Your task ->
The output is the line containing "التتبع الزمني لتحول" plus every later line down to the end of the listing below, copied exactly. No pictures belong in it.

Data extract below:

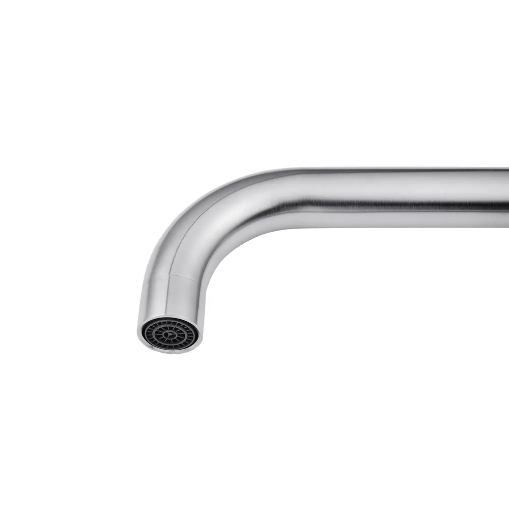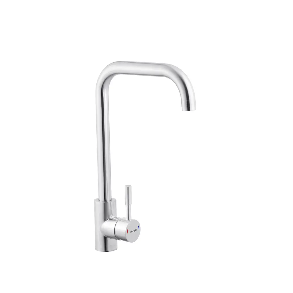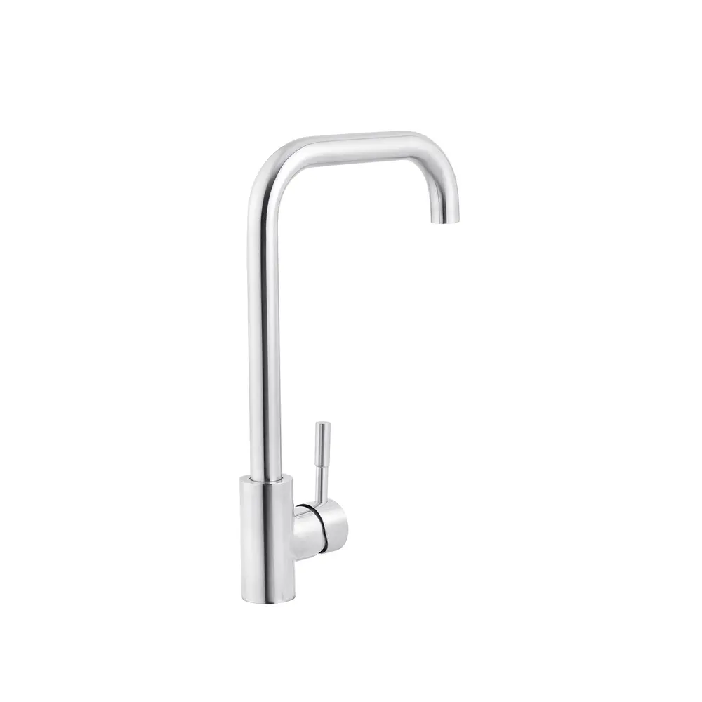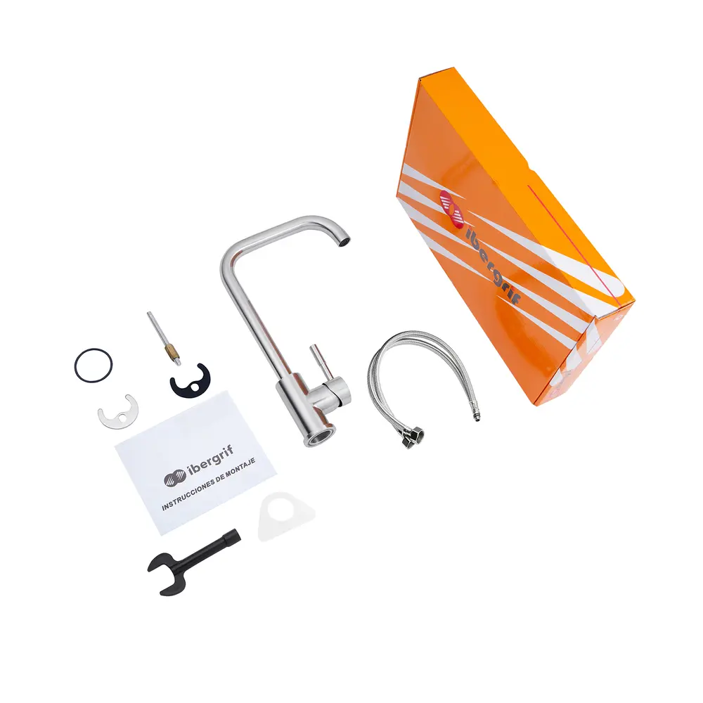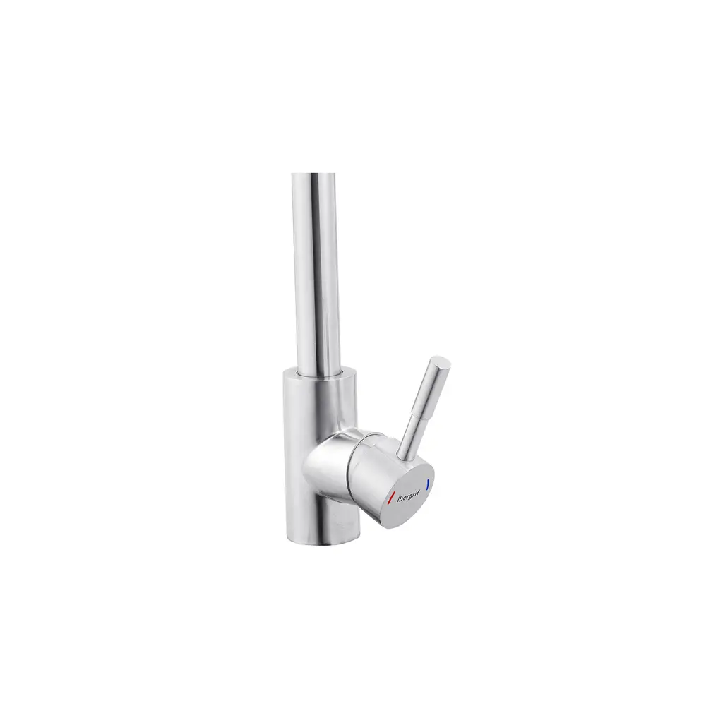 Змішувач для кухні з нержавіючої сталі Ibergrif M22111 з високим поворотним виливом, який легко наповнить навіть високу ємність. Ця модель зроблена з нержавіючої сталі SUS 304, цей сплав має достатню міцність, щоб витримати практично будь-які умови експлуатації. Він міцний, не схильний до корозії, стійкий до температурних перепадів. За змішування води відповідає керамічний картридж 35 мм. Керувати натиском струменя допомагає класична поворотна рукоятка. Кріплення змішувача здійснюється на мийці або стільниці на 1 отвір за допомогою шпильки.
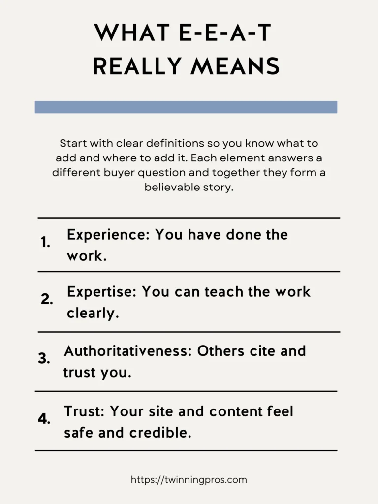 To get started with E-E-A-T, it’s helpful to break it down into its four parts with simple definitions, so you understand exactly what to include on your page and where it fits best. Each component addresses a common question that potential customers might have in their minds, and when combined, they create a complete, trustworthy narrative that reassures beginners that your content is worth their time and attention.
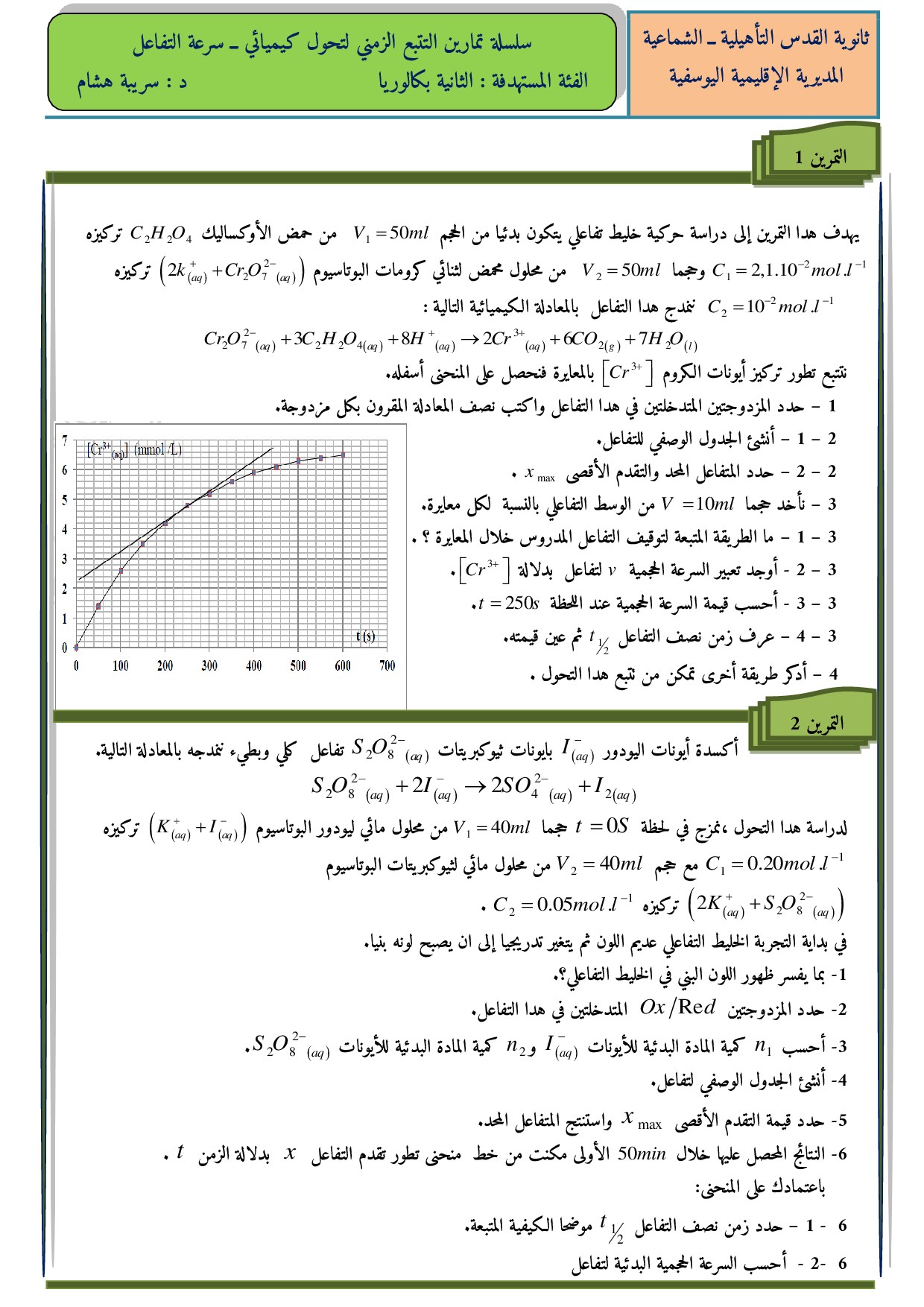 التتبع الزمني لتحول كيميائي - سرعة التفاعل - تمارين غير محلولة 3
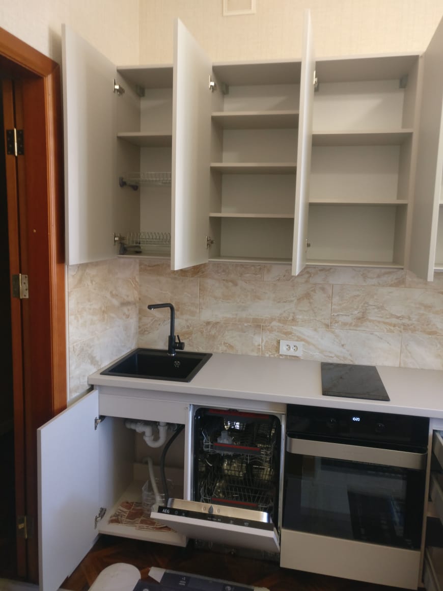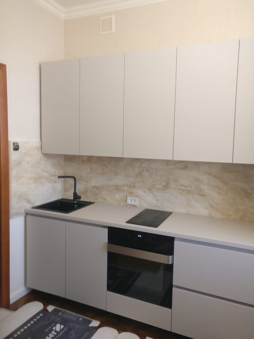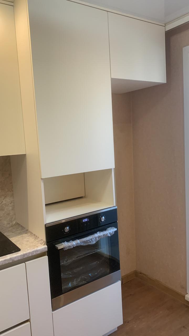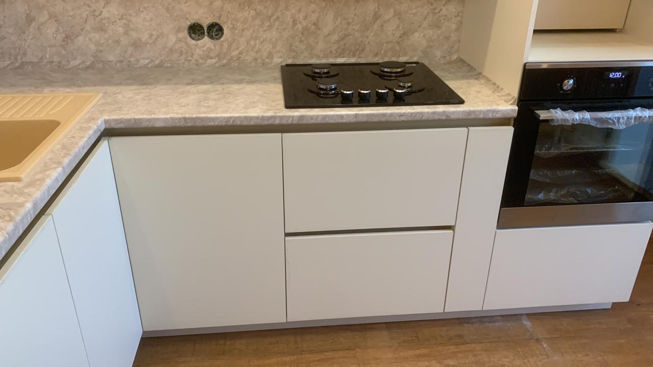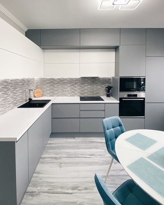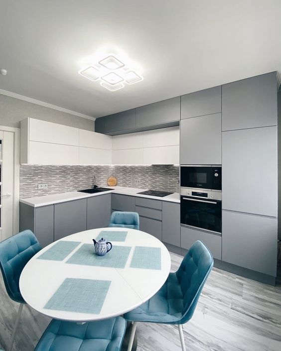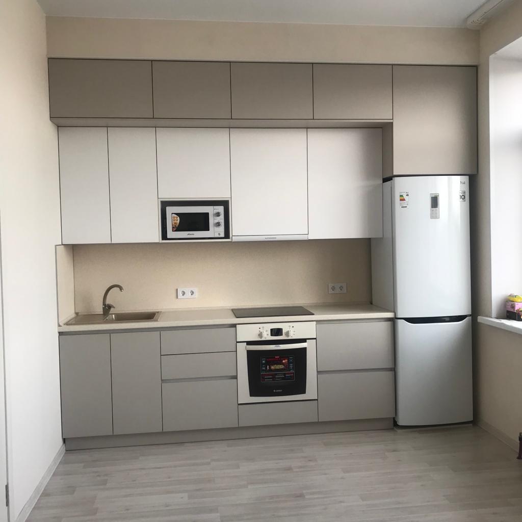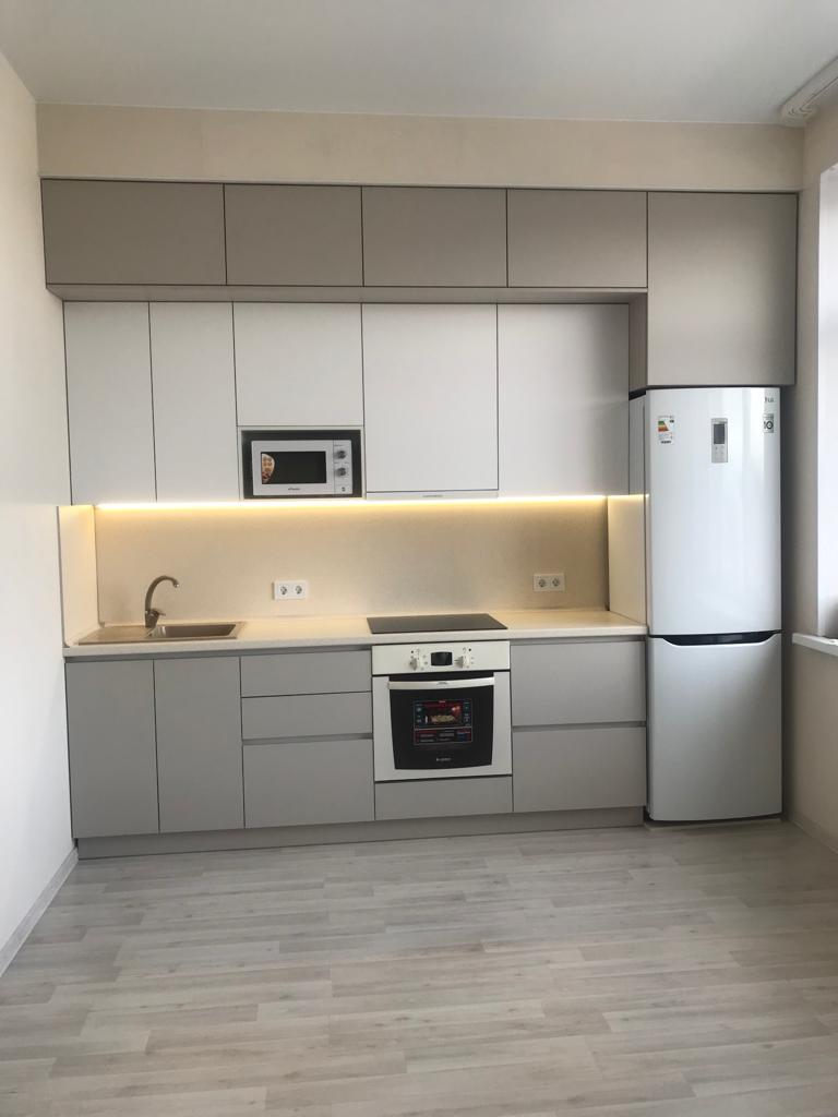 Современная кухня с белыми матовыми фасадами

End of Data extract.

Answer for the task ->
 التتبع الزمني لتحول كيميائي - سرعة التفاعل - تمارين غير محلولة 3
 Современная кухня с белыми матовыми фасадами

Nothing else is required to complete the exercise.